**Dataset excerpt:**

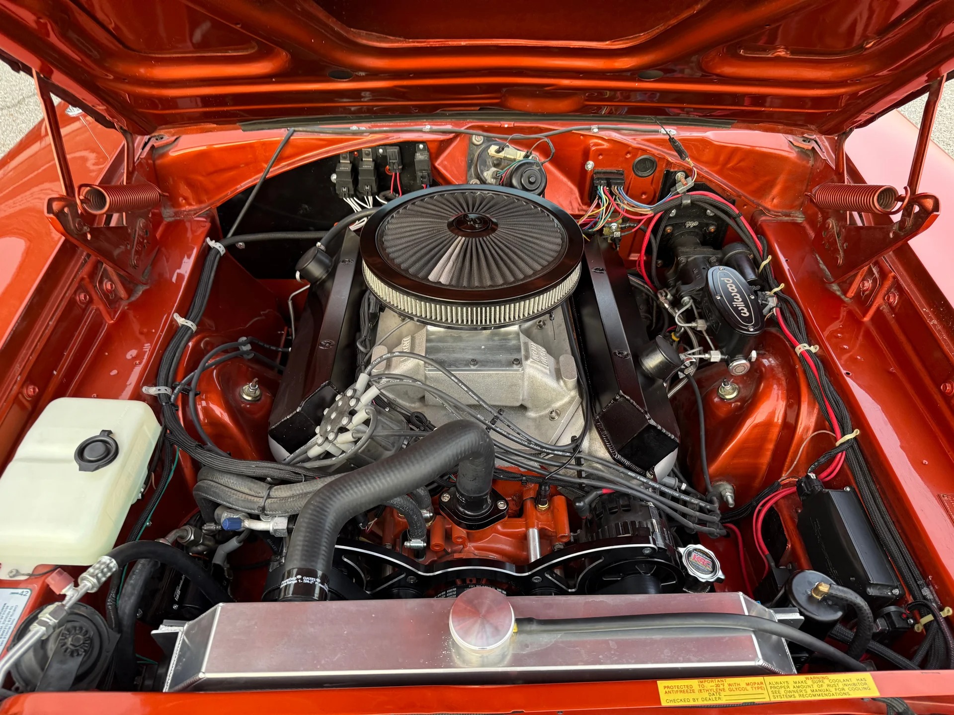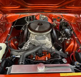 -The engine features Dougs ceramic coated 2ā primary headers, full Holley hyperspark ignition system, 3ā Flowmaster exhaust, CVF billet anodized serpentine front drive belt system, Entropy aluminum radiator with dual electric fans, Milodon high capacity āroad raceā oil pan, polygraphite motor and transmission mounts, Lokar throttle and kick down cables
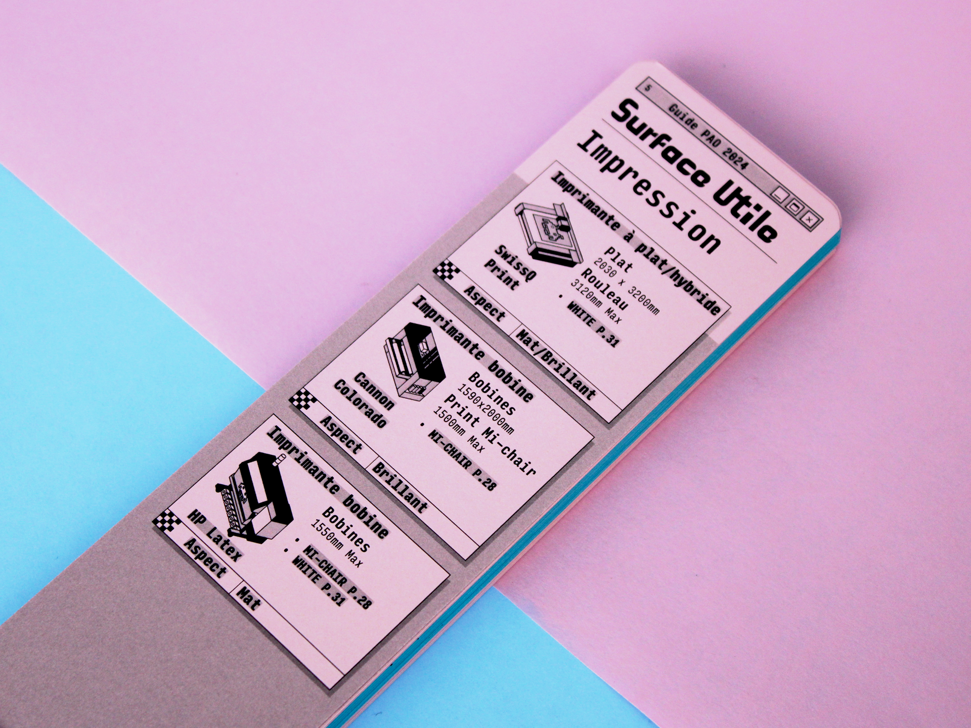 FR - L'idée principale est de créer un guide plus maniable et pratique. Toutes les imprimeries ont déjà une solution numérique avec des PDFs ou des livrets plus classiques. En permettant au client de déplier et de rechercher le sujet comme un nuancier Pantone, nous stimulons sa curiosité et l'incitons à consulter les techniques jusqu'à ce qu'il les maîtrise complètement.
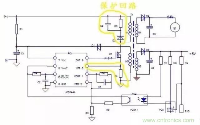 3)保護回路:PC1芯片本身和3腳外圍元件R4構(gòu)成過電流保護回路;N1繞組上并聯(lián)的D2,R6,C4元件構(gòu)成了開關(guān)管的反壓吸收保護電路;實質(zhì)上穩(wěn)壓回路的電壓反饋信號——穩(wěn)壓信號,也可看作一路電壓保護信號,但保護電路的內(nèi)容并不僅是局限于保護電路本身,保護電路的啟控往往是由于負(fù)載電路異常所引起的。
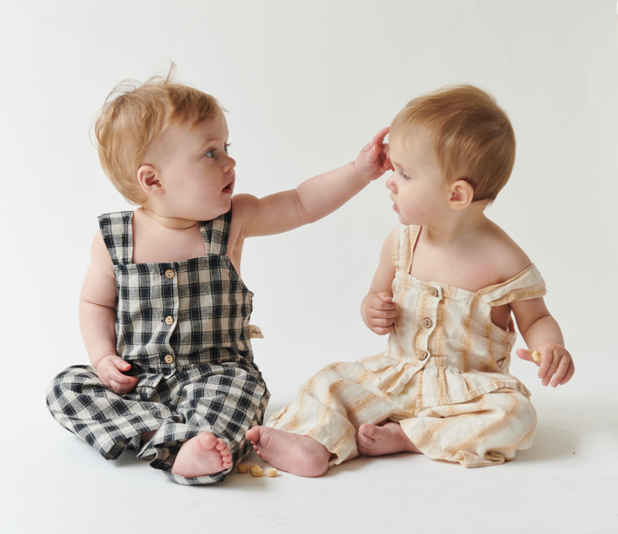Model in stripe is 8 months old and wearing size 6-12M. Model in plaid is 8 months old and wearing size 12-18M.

**Problem to work on:** Write out, exactly and only, the lines from the one containing "3)保護回路:PC1芯片本身" through the last line of the material above. Pictures do not go in the copy.

**Answer section:**
 3)保護回路:PC1芯片本身和3腳外圍元件R4構(gòu)成過電流保護回路;N1繞組上并聯(lián)的D2,R6,C4元件構(gòu)成了開關(guān)管的反壓吸收保護電路;實質(zhì)上穩(wěn)壓回路的電壓反饋信號——穩(wěn)壓信號,也可看作一路電壓保護信號,但保護電路的內(nèi)容并不僅是局限于保護電路本身,保護電路的啟控往往是由于負(fù)載電路異常所引起的。
Model in stripe is 8 months old and wearing size 6-12M. Model in plaid is 8 months old and wearing size 12-18M.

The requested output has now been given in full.